Another grim narrative of the Gelb years, and one I think is generally hogwash, is that the Met has (at least in theatrical terms) lost its way entirely. Those with a little less flair for offstage drama will at least acknowledge the success of an easily agreed upon core of imported productions that, in contrast to that alchemy or perhaps origami whereby successful theater directors are meant to be folded into successful opera directors, have actually marked a period of great creative innovation in the house.
Laurent Pelly’s uneven account of Massenet’s Manon, which made its house premiere last night, doesn’t fit comfortably into this account, but doesn’t commit such grievous sins as to call it into question altogether. Neither rapturously received like his terribly sweet and funny Fille, nor given the Bondy treatment, Pelly’s conception of the piece is tonally all over the place. Early acts are peppered with Brechtian gestures in the key of Cute, but Manon turns out to be just the wrong opera for slightly ironic whimsy.
The Hotel de Transylvanie is inexplicable, though surprisingly wheelchair-accessible (ramps and inclines seem to be a theme here, though it’s lost on me what they’re meant to connote unless the whole thing was designed in the hope that Marjorie Lawrence would come back from the beyond for the next revival.) In its final act, though, the physical production is so delicately grim and so right, one is disposed to forgive the rest which, after all, is more perplexing than assertively wrong.
Perhaps Anna Netrebko is especially sensitive to her surroundings. Though she’s charming in the first act (making much of throwaway lines like “tous les deux?”, read differently each time), she does some unfortunate spinning around with her arms out—say, wasn’t that on the list of banned operatic gestures?—and living up to her unfortunate stringy wig with some “what the hell else am I gonna do?” mugging. In the next act, the farewell to the furniture came off well, but wouldn’t have explained to someone who’d been hiding under a rock for many seasons why our Anna is on the sides of buses.

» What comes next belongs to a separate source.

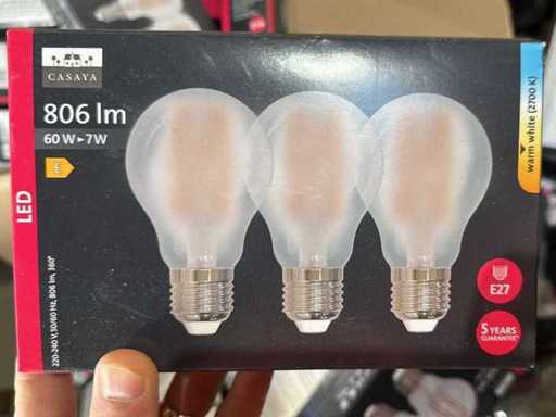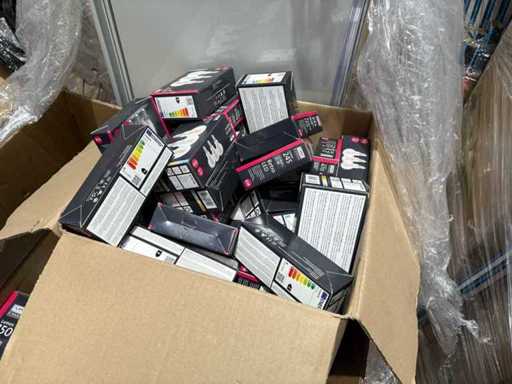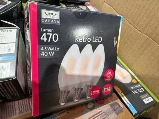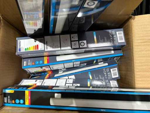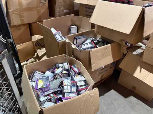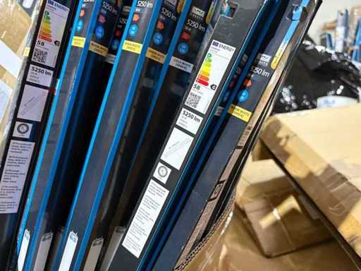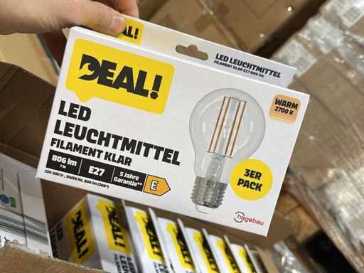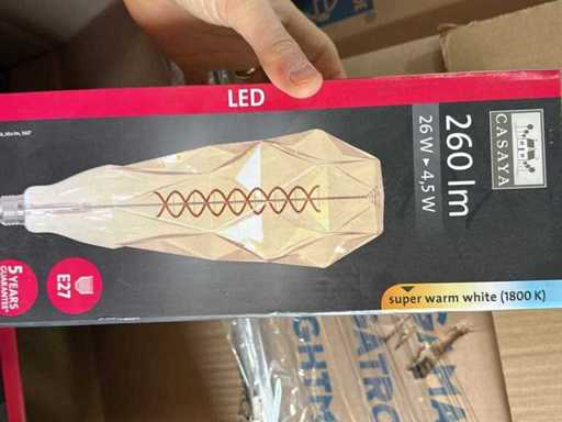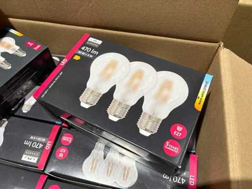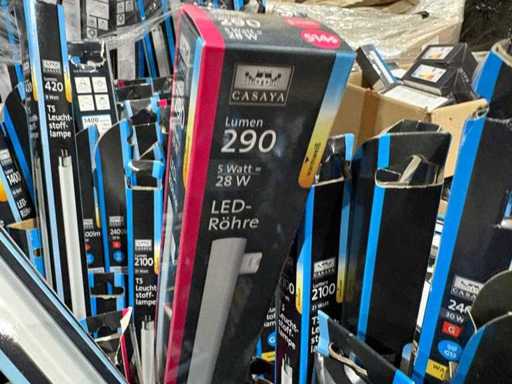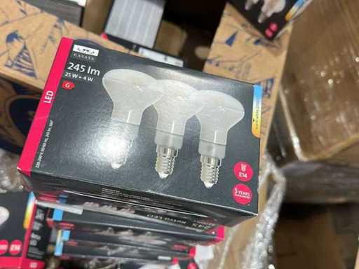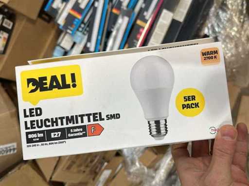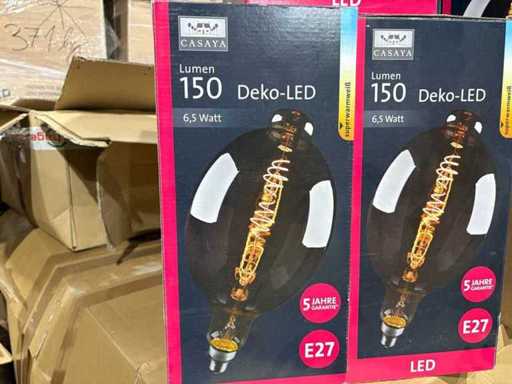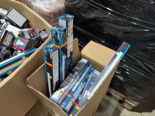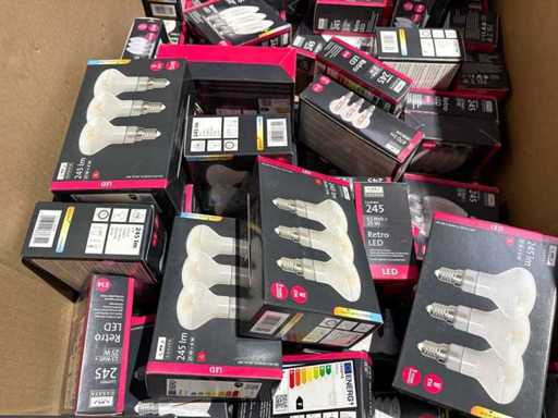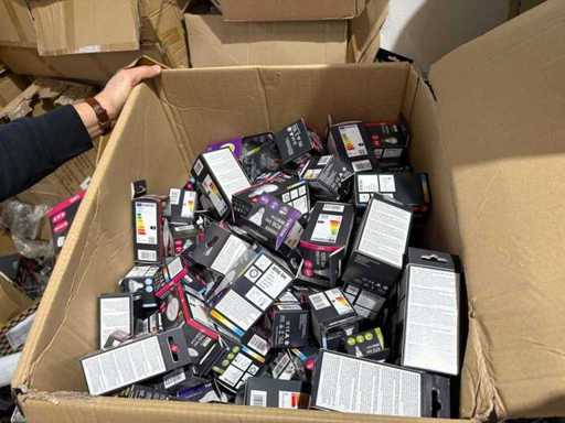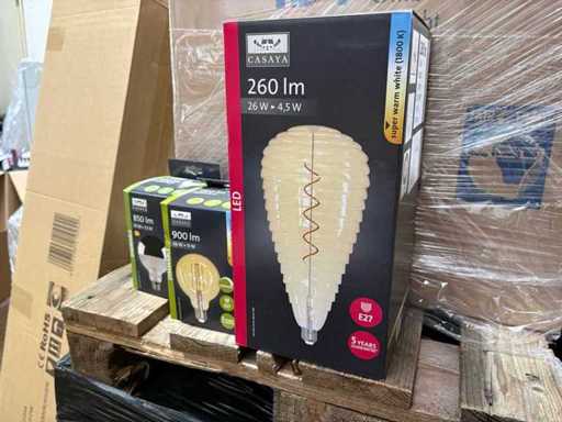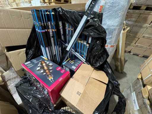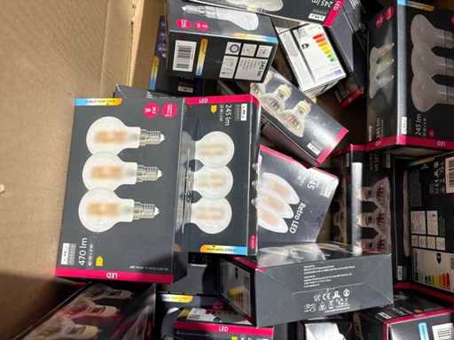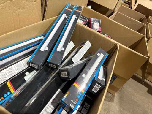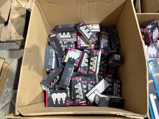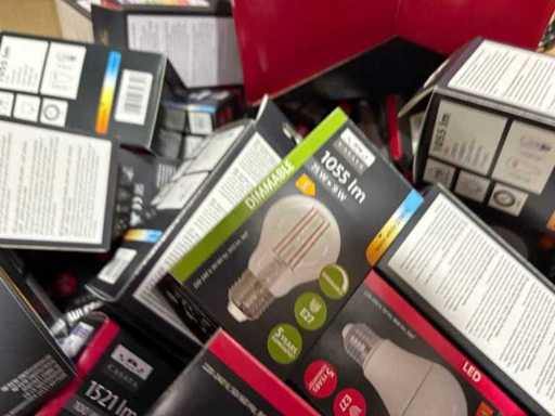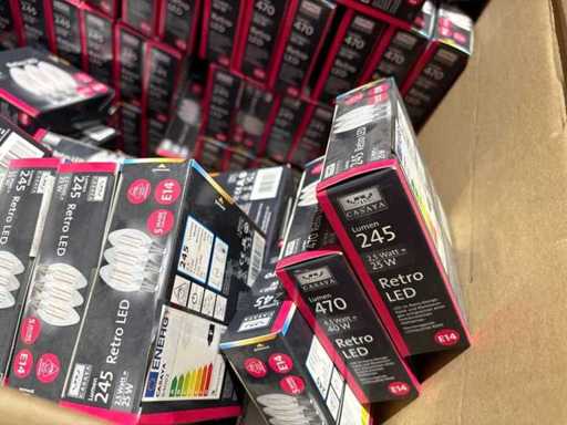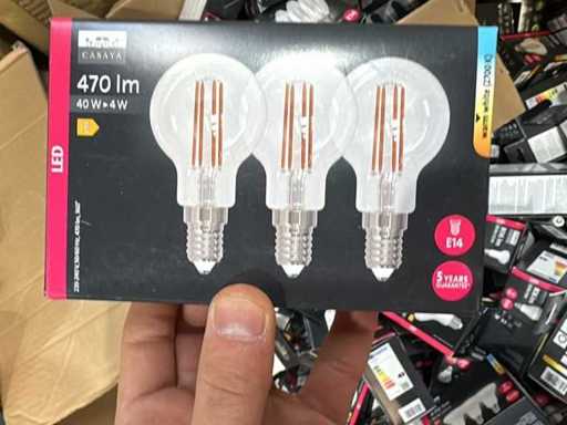 I beni offerti sono in forma di conservazione mista in grandi scatole. Non c'è smistamento né rifornimento palletizzato. Le scatole contengono lampadine LED nuove di zecca e inutilizzate, alcune confezionate singolarmente, altre in confezioni multiple.

In the Cours-la-Reine, standing in front of what appears to be an enormous basketball, she is funny and alluring, if sexlessly so with her drag queen hand jive, as Manon the coquette. A pair of Ds in the gavotte apparently had better things to do than to show up and be sung, but we got on with our lives. And in fact, one had to wonder if there wasn’t a moment like in the movies, backstage: plucky heroine falls on her face and decides that the next reel is where she shows everyone what she’s made of. For that is what happened.
Perhaps here is the place to mention that Piotr Beczala went, this evening, from being another of the Met’s half dozen capable Edgardos to being its best asset, should French opera play a large role in coming seasons. “Le Rêve” was a wonder of pathos and vulnerability. In St. Sulpice, he was Netrebko’s towering equal, but in every moment of the opera, he provided the kind of hairpin turns of dynamic that matter so much in this rep, never calculated, but always precise. The mixe is there, the diction struck my non-native ear as good (well, it helps to be compared to Trebs in this particular category), and he delivered all of this with an easy sincerity and not a little spontaneity.
The St. Sulpice scene (as Ms. Golightly was saying when she so rudely interrupted herself) found both stars vocally ablaze. Netrebko, though she seemed to have mysteriously skipped a grade from coquette and appeared at one point about to sing “n’est-ce plus mon…”—well,l I don’t know the French word for that—was pure vocal seduction, all insecurity vanquished. Beczala met her blow for blow. It was a quarter hour of Why I Go to the Opera, and this continued through the Hotel Transylvanie, ordinarily a scene I half doze through but here a reminder of who has the most beautiful voice in opera (why look, it’s Anna Netrebko) and who can fill a 4,000 seat theater with the flood of sound that is her high notes (still Anna Netrebko), so fuck you, pair of Ds in the gavotte.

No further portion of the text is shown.